Allerdings fällt auf, dass der Zeuge ganz anders über die angeblich Beteiligten des Vorfalls vom 4. September 2017 berichtete. Aus seinen Aussagen ist zu schliessen, dass ihn mit dem Beschuldigten wie auch dem Privatkläger eine Art Gassenbekanntschaft verbindet. Den Beschuldigten hat er offenbar sehr lange nicht gesehen (das ist viel zu lange her). Der Privatkläger hatte ihn im Hinblick auf die Zeugenrolle kontaktiert. Offenbar war dieser im Besitz der Nummer des Zeugen und hat er noch ein- bis zweimal mit ihm gesprochen. Während der Zeuge den Beschuldigten zuerst nur vom Sehen her kennen wollte, sagte er kurz später, er habe mit dem Beschuldigten schon immer Streit gehabt. Diese zweite Aussage würde mehr als nur eine Bekanntschaft vom Sehen her implizieren, nämlich häufigere und intensivere Kontakte. Zur Person des Privatklägers sagte der Zeuge kaum etwas. Hingegen bezeichnete er den Beschuldigten sogleich als Grossmaul (grosses Maul, nichts dahinter), später als Streithahn (immer 'Puff' auf der Gasse gemacht) und jemanden, der auf Schwächere sowie Frauen und alles losgehe, womit er ihm einen streitsüchtigen
und feigen Charakterzug unterstellt. Die Erzähleigenart des Zeugen zeigt sich hier als impulsiv und farbig, zuweilen aber auch als undifferenziert und mit einem gewissen Hang zur Dramatisierung.
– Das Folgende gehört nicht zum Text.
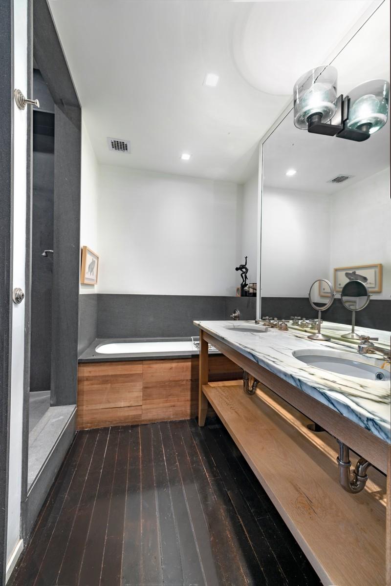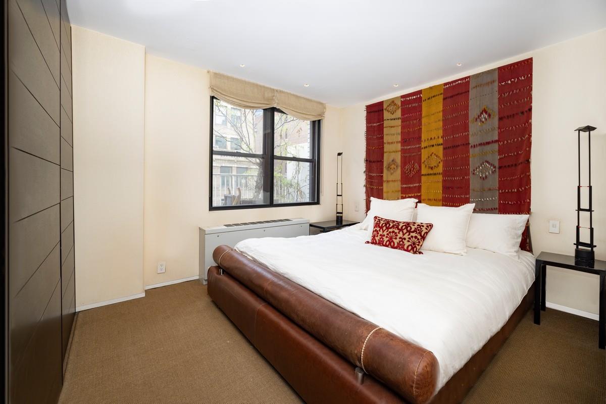 As you traverse a hallway accented with cashmere wallcovering, you come to the secluded master suite outfitted with recently installed sisal carpeting, linen shades, and three large Poliform custom closets, all overlooking the terrace. The en suite bathroom consists of rich slate stone, double Waterworks sinks surrounded by white Arabescato marble, a 12 foot slate rainfall shower, and a deep Whirlpool soaking tub displaying spa-level finishes throughout. The second bedroom is equally as spacious with a large custom closet and is conveniently located next to the second full bathroom, which boasts a deep whirlpool soaking tub, wall-mounted Duravit toilet and marble throughout.

In der Gesamtbetrachtung sind die Aussagen des Zeugen arm an Details. Sein Aussageverhalten führte zu mehrmaligem Nachfragen, wobei der Inhalt der Antworten dann trotzdem nicht anschaulicher ausfiel. Er vermag keine Interaktionen der drei anwesenden Personen oder eigene Gesprächsinhalte wiederzugeben oder individualisierende Handlungen der Beteiligten zu beschreiben. Er konnte trotz Anwesenheit vor Ort - in der er mindestens 10 bis 15 Minuten mit dem Typen gesprochen haben will, nicht einmal bestätigen, ob es überhaupt zu einem physischen Übergriff und daraus resultierenden Verletzungen gekommen ist. Der Zeuge konnte sich weiter auch nicht an ihn betreffende Aspekte, wie das Streit auslösende Thema von Geld bzw. Geldschulden, erinnern und beschrieb seine Rolle diesbezüglich in jener eines Unbeteiligten. Dies erstaunt umso mehr, als der Privatkläger bei der Staatsanwaltschaft zu Protokoll gab, C. , der heutige Zeuge, sei voll ausgetickt, als er von diesem die Fr.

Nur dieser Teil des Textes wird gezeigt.